The model atmosphere and ocean then were coupled and integrated for 300
years without application of any flux corrections.
Land Surface
Processes
Land surface processes are simulated by the Land Surface Model (LSM) of
Bonan
(1996 , 1998). See also Web site http://www.cgd.ucar.edu/cms/lsm/
for
summary documentation and other information.
Sea Ice
- The simulated thermodynamics involve lateral ice growth in leads,
lateral
ice melt, and changes of state associated with the energy balance at
the
top and bottom of the ice. The representation of lateral growth/melt is
after Parkinson and
Washington
(1979), while that of the vertical energy balance follows Semtner
(1976) with some modifications. The calculation of the
ice/snow
thermodynamic state variables is based on the diffusion of heat through
the external and internal boundaries of a three-layer system. If the
ice
thickness is greater than 0.5 m, two layers of ice are maintained;
snow,
if present, constitutes a third layer. When the ice thickness is
between 0.25 m and 0.5 m, only a single layer is retained. If the
ice thickness falls below 0.25 m, the zero-layer model of Semtner
(1976) is employed. The entire net heat flux from the ocean is
applied
to lateral ice growth/melt; thus, when computing the vertical energy
balance,
the heat flux at the bottom of the ice is set to zero.
- Snow accumulation on sea ice is computed from the
freshwater flux
(precipitation
minus evaporation). The freshwater flux to the ocean due to ice
growth/melt
is parameterized by a method similar to Parkinson
(1979), with conservation of salt. Any snow melt is added to the
freshwater
flux into the ocean. Precipitation on sea ice at the freshwater melting
point (0 deg C) is assumed to fall directly into the ocean.

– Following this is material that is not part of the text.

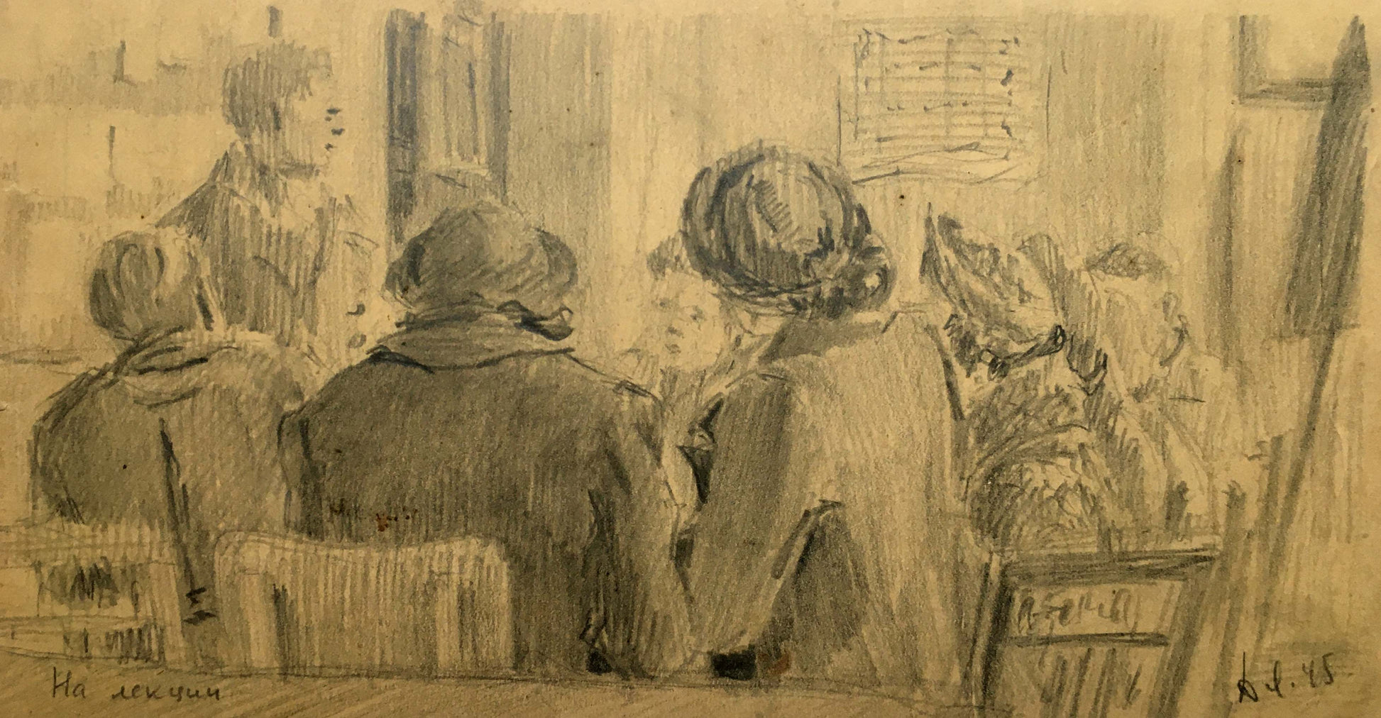 Pencil painting At the lecture Dmitry Lednev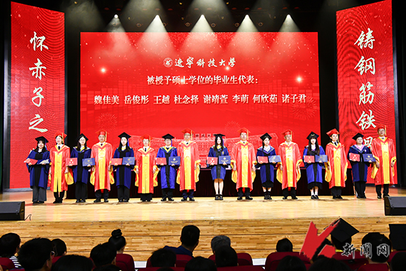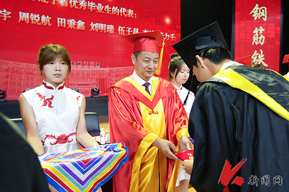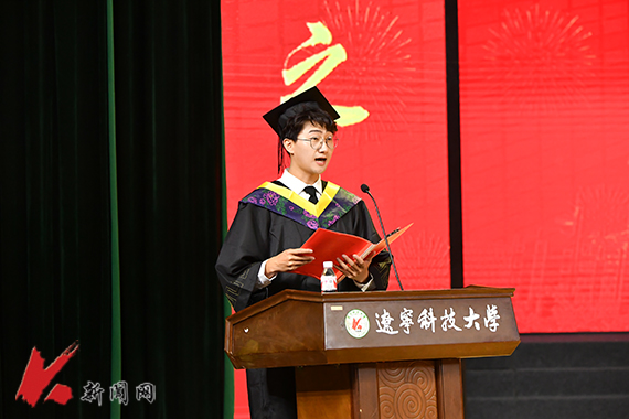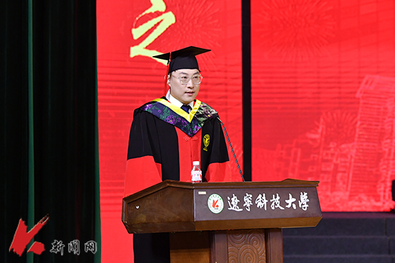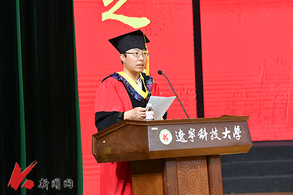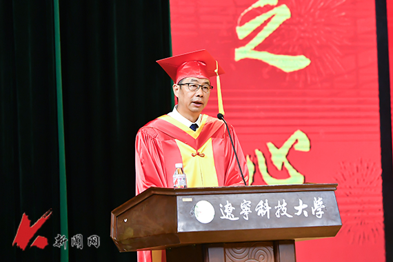 胡军代表全校师生员工向即将扬帆起航的全体毕业生致以热烈的祝贺。胡军说,几年前,你们选择了辽科大这座铸就梦想的熔炉,在这里学习知识、磨砺意志、结交朋友、塑造自我;你们把最美好的青春留在了这里,用勤勉与智慧在青春答卷上镌刻了属于辽科大人的时代印记。临别在即,胡军勉励毕业生们要牢记“打铁还需自身硬”的人生哲理,并向大家提出三点期许。

- A fraction (0.3, assuming cloudy conditions 75 percent of the
time) of
solar radiation is allowed to penetrate snow-free ice. The penetrating
radiation may be transmitted to the ocean or absorbed in the ice,
depending
on its thickness. The absorbed fraction contributes to the internal
melting
of ice in brine pockets, following Semtner
(1976)
(i.e., the absorbed flux is stored in a heat reservoir without
affecting
the overall ice thickness). The ice albedo depends on snow cover/depth
and surface temperature. (The albedo computation assumes a mix of
snow-covered and snow-free ice and uses a proxy ‘snow fraction’.)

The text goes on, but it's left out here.